The Experience Plane abstracts mesh-level functionalities across data products, offering a streamlined interface to search, navigate, and manage the overall Data Mesh network.

It links data products and their assets to the enterprise ontology, fostering semantic composability and reuse across multiple business use cases. The plane can also attach data quality indicators to data products, enabling consumers to evaluate their reliability.

Furthermore, it facilitates interactive communication between data consumers and data product owners, allowing consumers to submit and track access requests, while owners can review and approve or reject them—ensuring smooth collaboration within the ecosystem..

Federated computational governance⚓︎

Governance in Data Mesh is decentralized yet coordinated. Common standards for security, compliance, and quality are applied consistently across domains while still allowing local flexibility. Automatically enforced policies ensure trust and scalability without slowing down business operations.

Representatives from each Domain team, the Platform Engineering team, and other specialized roles form a Federated Governance Committee. The committee defines policies that are implemented as code by the platform and automatically enforced across all data products.

Federated Computational Governance

In the Data Mesh paradigm, governance plays a crucial role in ensuring safety, reliability, and validity of the data products within the mesh network. A good governance ensures that data is correctly delivered, securely used, high-quality guaranteed, regulation compliant, respectful of privacy, and easy to use.

Unlike in the past, where rigid centralized models were the norm, such approaches don't fit well with mesh network's flexibility. In the mesh era, an automated, shared approach to governance is envisioned, where rules are built into products and domains. This approach, called Federated Computational Governance, lets product and platform owners jointly make decisions. It allows local rules for products while requiring domains to follow broader guidelines. Furthermore, governance enables products to work together smoothly through agreed-upon standards, fostering collaboration among all elements involved in the mesh.

From an organizational perspective, the data mesh operates as a federation. It features an organizational structure comprised of domains, each enjoying sufficient internal autonomy. Domains oversee and manage their data products, retaining control over their modeling and distribution. They determine which Service Level Objectives (SLOs) to guarantee for their data products and they must ensure consumer satisfaction. The data mesh introduces an operational governance model leveraging federated decision-making. The Federated Governance Committee is a federated group of platform and domain stakeholders, including: domain representatives, platform representatives (platform owners and platform architects), subject matter experts (specializing in security, compliance, privacy, and regulations), and managers.

In such a framework, the platform plays a central role in supporting the governance in a computational manner via:

  • Standards as Code: many policies can be consistently implemented across all data products.

  • Policies as Code: all data products must implement global policies for compliance, access control, audit, and privacy.
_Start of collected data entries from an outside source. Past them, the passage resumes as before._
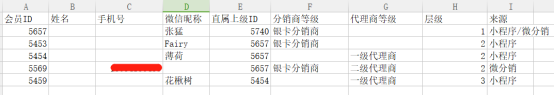 操作步骤: 总部后台→会员→会员管理→会员列表:选择“导出全部下级”时,增加下级的分销商等级和代理商等级身份。如果小程序和微分销互通了,这也会导出小程序相关的下级。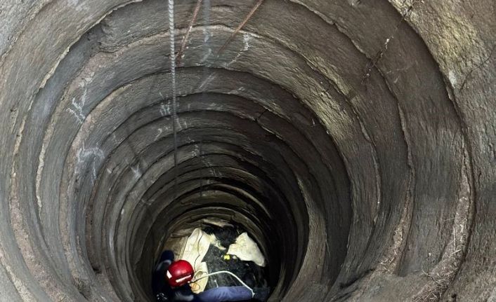 Balıkesir’in Gömeç ilçesinde bir büyükbaş hayvan, düştüğü kuyudan itfaiye ekipleri tarafından vinçle kurtarıldı.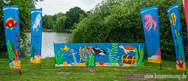 Passend zu unseren MehrMeer-Bannern wollten wir einen Wind- und Sonnenschutz haben. Der Vorteil: auf das Querformat passen die ganzen Motive noch viel besser nebeneinander.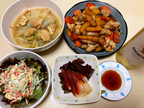 本日のメニューは、上段左から湯葉と白菜の煮物、豚肉とかぼちゃとにんじんの塩炒め、下段左からホッキ入りサラダ、ホッキの刺身、です。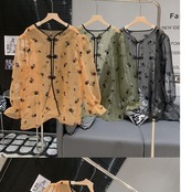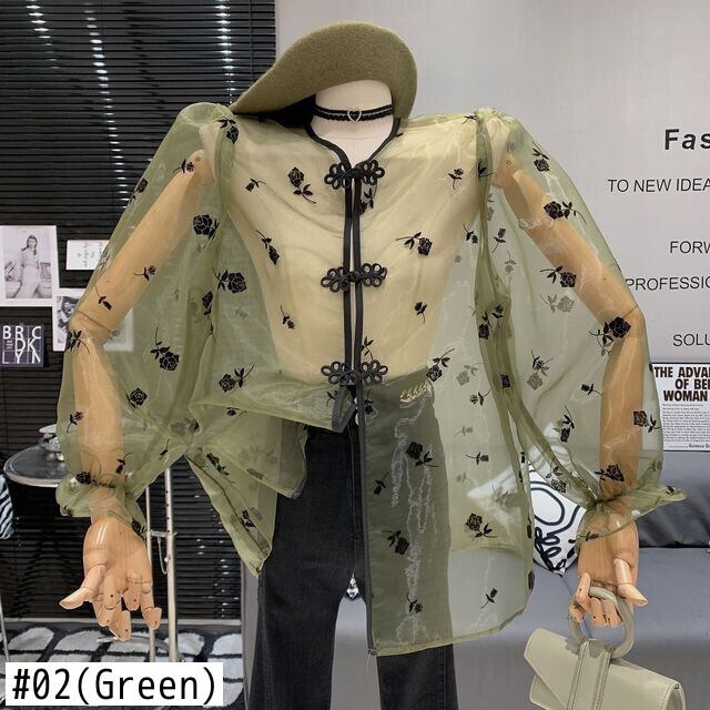 ノミクマ 中国風 シングルブレスト カーディガン トップス 夏 シースルー メッシュ 日焼け止め ブラウス コート サマー 夏物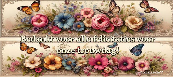Bedankt voor alle felicitaties voor ons huwelijk!/trouwdag!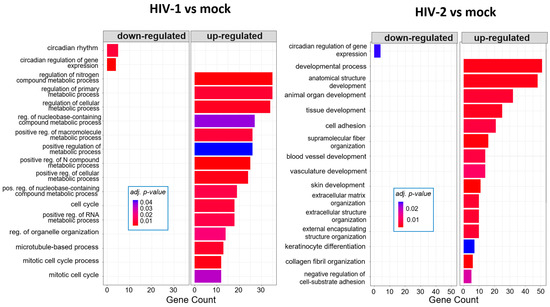 Gene ontology (GO) analysis of DEGs in HIV-1 (left) and HIV-2 (right) transduced cells at the 26 h time-point. Top genes classified according to significant enrichment terms. Color intensity corresponds to the significance of each term. Counts represent the number of differentially expressed genes associated with the listed gene ontology ID.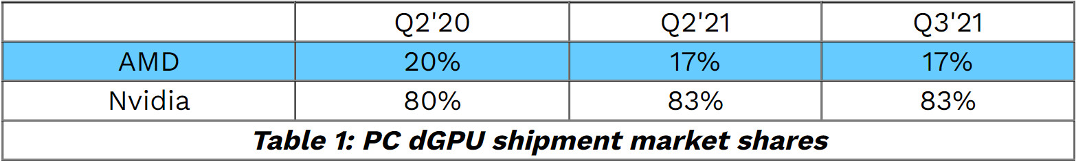 A tovább bővülő piacból az Nvidia tudott profitálni, amely egyes videokártyáinak hála 3 százalékponttal növelte részesedését az AMD-vel szemben. Ennek köszönhetően a GeForce-okat kínáló cég utcahosszal vezet konkurense előtt, hisz míg az Nvidia 83, addig az AMD csupán 17 százalékos szelettel rendelkezik a PC-s videókártyák piacán.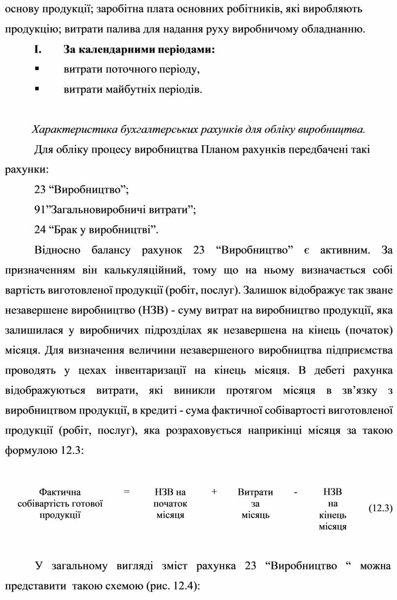 Відносно балансу рахунок 23 “Виробництво” є активним. За призначенням він калькуляційний, тому що на ньому визначається собі вартість виготовленої продукції (робіт, послуг). Залишок відображує так зване незавершене виробництво (НЗВ) - суму витрат на виробництво продукції, яка залишилася у виробничих підрозділах як незавершена на кінець (початок) місяця. Для визначення величини незавершеного виробництва підприємства проводять у цехах інвентаризації на кінець місяця. В дебеті рахунка відображуються витрати, які виникли протягом місяця в зв’язку з виробництвом продукції, в кредиті - сума фактичної собівартості виготовленої продукції (робіт, послуг), яка розраховується наприкінці місяця за такою формулою 12.3:

The platform can ensure that policies are defined via code, versioned, tested and continuously executed throughout the data product lifecycle.
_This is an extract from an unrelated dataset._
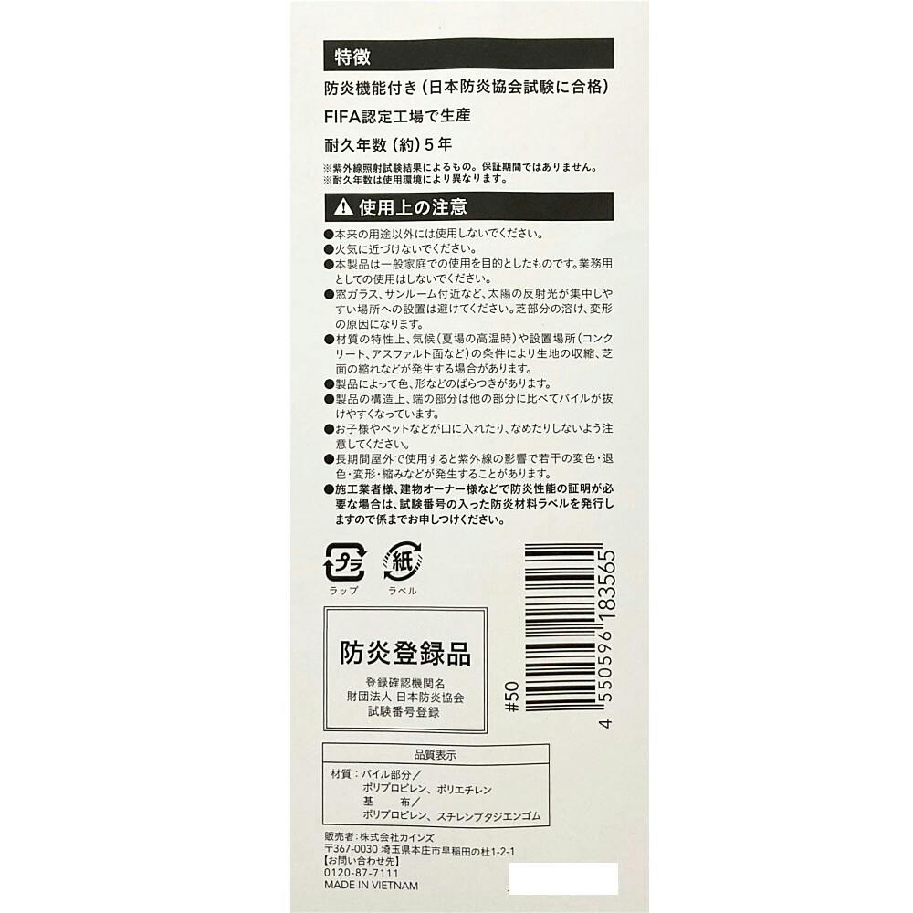 ●本物そっくりな人工芝!カインズの人工芝は、ここが違います。1.優れた品質「FIFA*公認工場製」(*国際サッカー連盟)2.安心・安全の「防炎機能」付き●防炎加工●透水穴付き●耐候年数:5年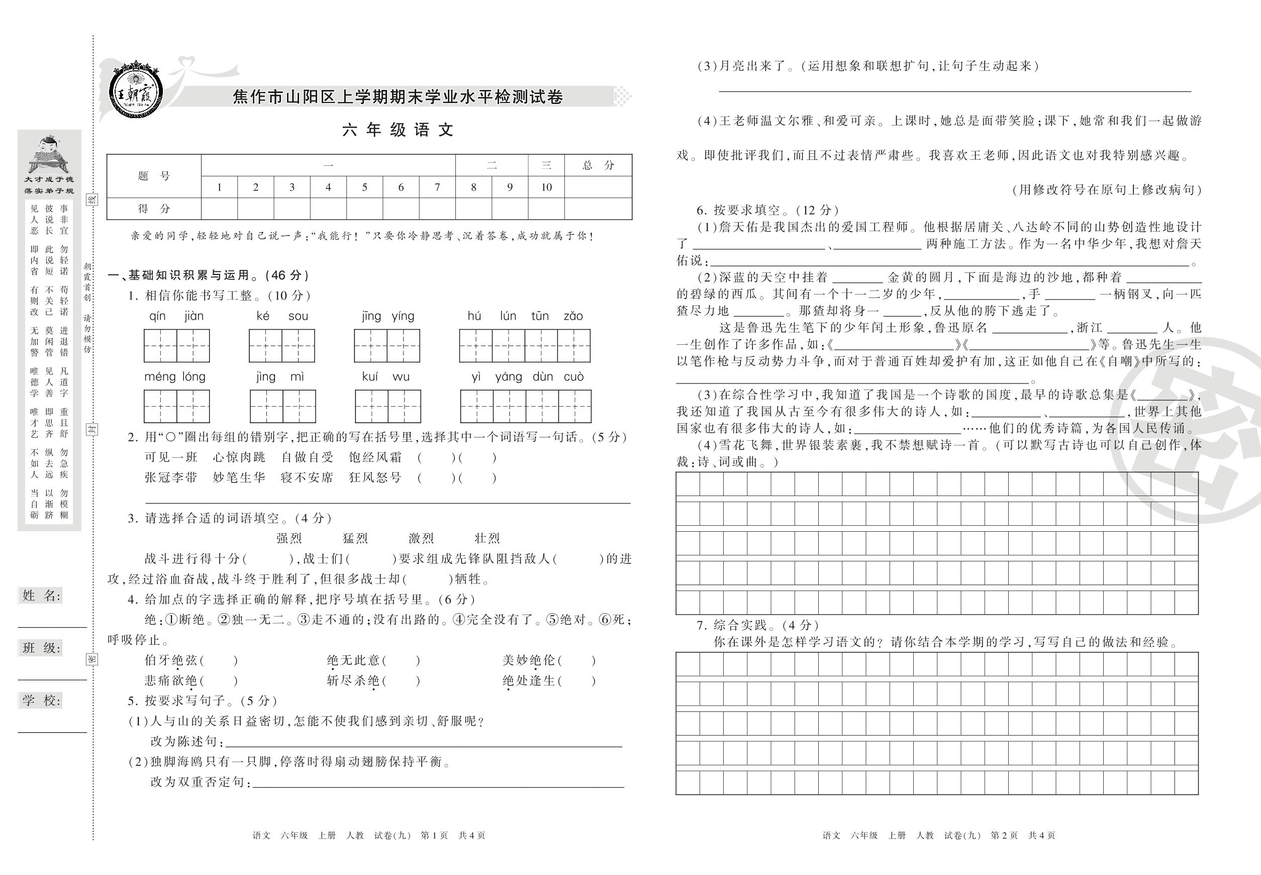 2016-2017学年第一学期焦作市山阳区六年级语文试卷(人教版)【9】

  • Automated tests: the platform can perform automated tests to ensure that data products always expose intact and high-quality metadata.

  • Automated monitoring: the platform can conduct continuous and automated monitoring and trigger alarms in case of issues.

Specifically, these computational policies validate the compliance and completeness of metadata specified in the Data Product Descriptor. They can be either non-blocking or blocking: non-blocking policies allow lifecycle stages to proceed even if violations occur, while enabling anomalies to be tracked through the Experience Plane; blocking policies, however, prevent progression until issues are resolved, playing a key role in enabling automation of certain lifecycle stages and ensuring correct management of data products.